ASCII Previews Before Expensive Renders

James Phoenix
James Phoenix

Summary

Image and video generation are among the most expensive API calls you can make. A single image render costs $0.02-0.20+, and video generation can cost dollars per clip. Before triggering these renders, generate a cheap ASCII art preview (for images) or an ASCII storyboard sequence with text descriptions (for video). Show these to the human for approval. This extracts a human-in-the-loop checkpoint at near-zero cost, preventing wasted renders on misunderstood intent.

The Problem

Generative media calls are expensive and slow. When an agent or workflow produces an image or video that misses the user’s intent, the cost is already sunk. The user says “no, I wanted the logo on the left” and you burn another render. Three rounds of this and you’ve spent $1-5+ on a single asset that could have been validated for fractions of a cent with text tokens.

Round 1: Generate image  →  $0.08  →  "Wrong layout"
Round 2: Generate image  →  $0.08  →  "Close, but wrong colors"
Round 3: Generate image  →  $0.08  →  "Perfect"

Total: $0.24 + latency of 3 full renders

Compare with the preview-first approach:

Round 1: ASCII preview   →  ~$0.001  →  "Wrong layout"
Round 2: ASCII preview   →  ~$0.001  →  "Close, but wrong colors"
Round 3: ASCII preview   →  ~$0.001  →  "Perfect"
Round 4: Generate image  →  $0.08   →  Done

Total: $0.083 + only 1 full render waited on

The savings multiply with video, where each render is far more expensive and slower.

The Pattern

Insert a cheap text-based preview step before any expensive generative call. The preview uses only language model tokens (the cheapest resource in your stack) to approximate what the final render will look like.
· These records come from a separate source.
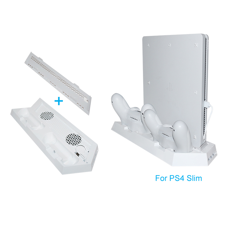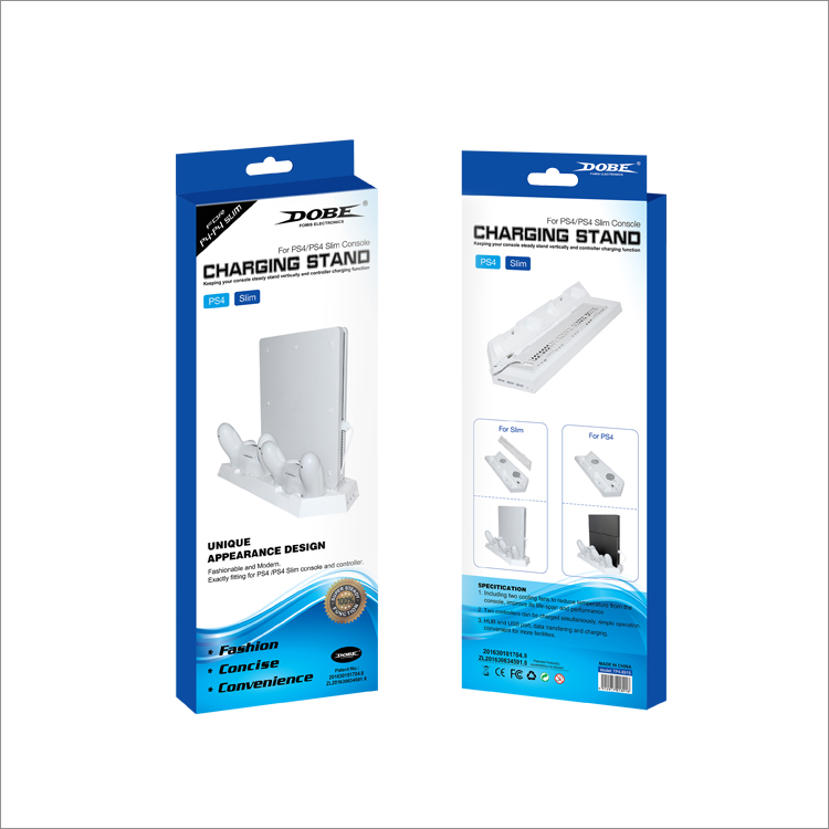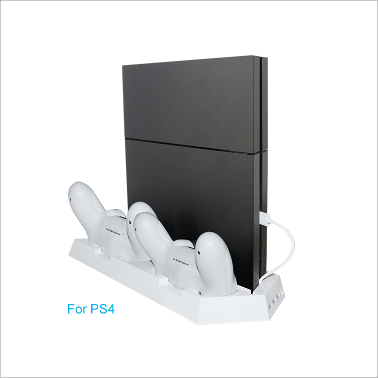 1. 适用于PS4主机和Slim主机,方便主机直立放置。 2. 可同时给主机散热降温。 3. 可同时给2个PS4原装手柄充电。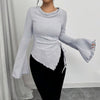 🔥Black Friday Sale 49% OFF🔥Funnel Neck Flare Sleeve Knit Top with Side Drawstring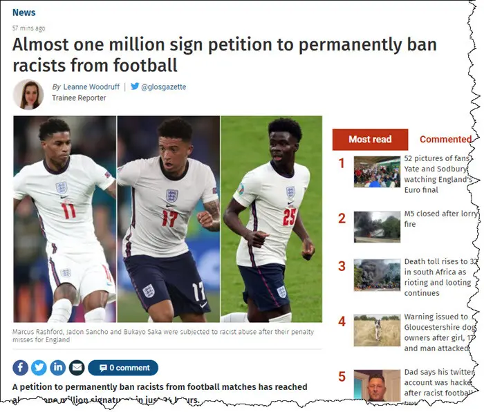 Racist abuse online is not new. It has been happening for decades. In the past couple of days, racist abuse has hit the headlines following vile online attacks against three England footballers, Marcus Rashford, Jadon Sancho and Bukayo Saka. On Sunday, these three black players did not score penalties in the crucial closing minutes of the UEFA European Championships final match against Italy.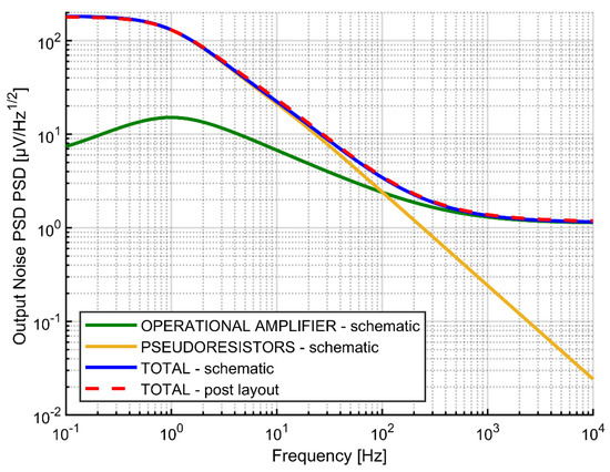 Output noise PSD for pseudoresistors and operational amplifier.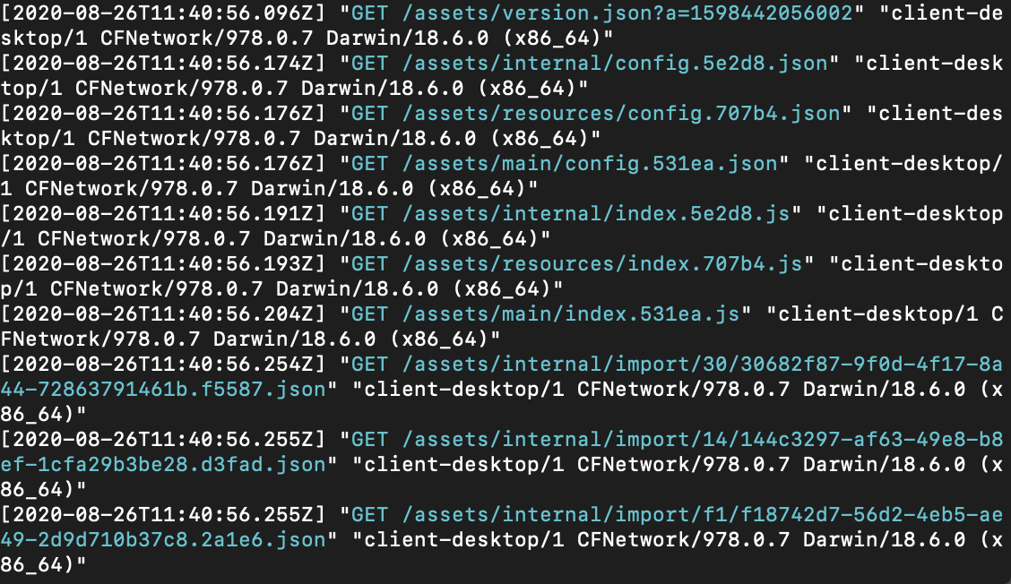 然后我再运行一次,发现 main 包还是正常更新,其他包因为md5没变,所以直接用缓存。服务器的日志,提示重新加载了 main 包的资源。说明正常更新了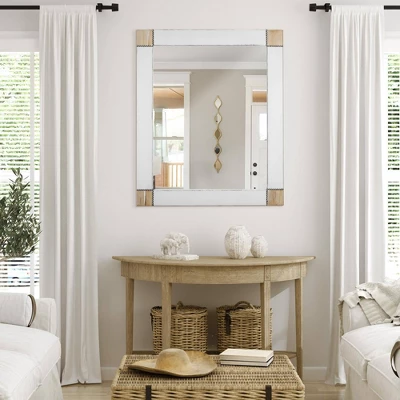 Featuring a frame of mixed white and distressed wood, this simple yet elegant mirror is the perfect addition to homes with a farmhouse, rustic, or shabby chic aesthetic.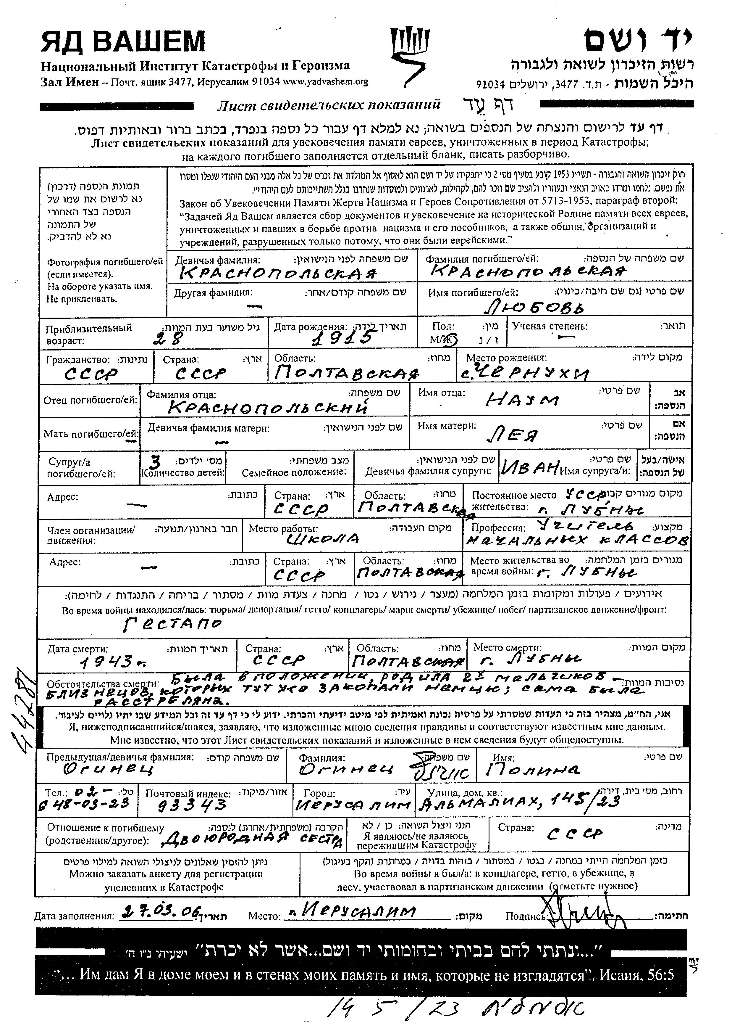 Lyubov Krasnopolskaya wurde im Jahr 1915 in Chernukhi, Ukraine (UdSSR) geboren. Sie war Lehrer/in. Vor dem Zweiten Weltkrieg lebte sie in Lubny, Ukraine (UdSSR).
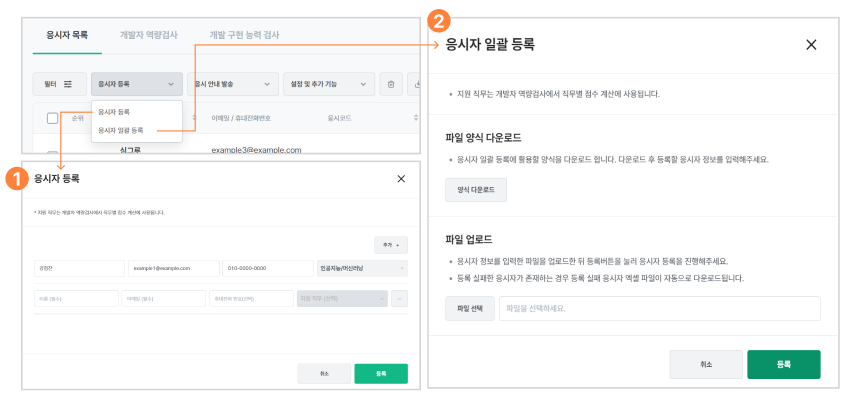 - 작성한 파일을 다시 업로드하면 응시자를 한 번에 등록할 수 있습니다.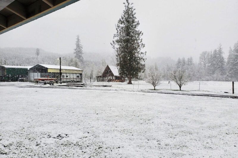 April showers came in the form of snow Sunday morning in Cascadia and other higher-level spots near Sweet Home. Reader Marie Stokes shared this photo shot from her front porch. More snow is possible later this week.

┌──────────────┐     ┌──────────────────┐     ┌─────────────┐
│  User Intent │────>│  ASCII Preview    │────>│  Human      │
│  (prompt)    │     │  + Description    │     │  Approval   │
└──────────────┘     └──────────────────┘     └──────┬──────┘
                                                      │
                                          ┌───────────┴───────────┐
                                          │                       │
                                     "Looks good"           "Change X"
                                          │                       │
                                          v                       v
                                   ┌─────────────┐     ┌──────────────────┐
                                   │  Expensive   │     │  Revise Preview  │
                                   │  Render      │     │  (cheap loop)    │
                                   └─────────────┘     └──────────────────┘

For Images: Single ASCII Diagram

Generate an ASCII layout that captures composition, element placement, and spatial relationships. Pair it with a text description covering color, style, and mood.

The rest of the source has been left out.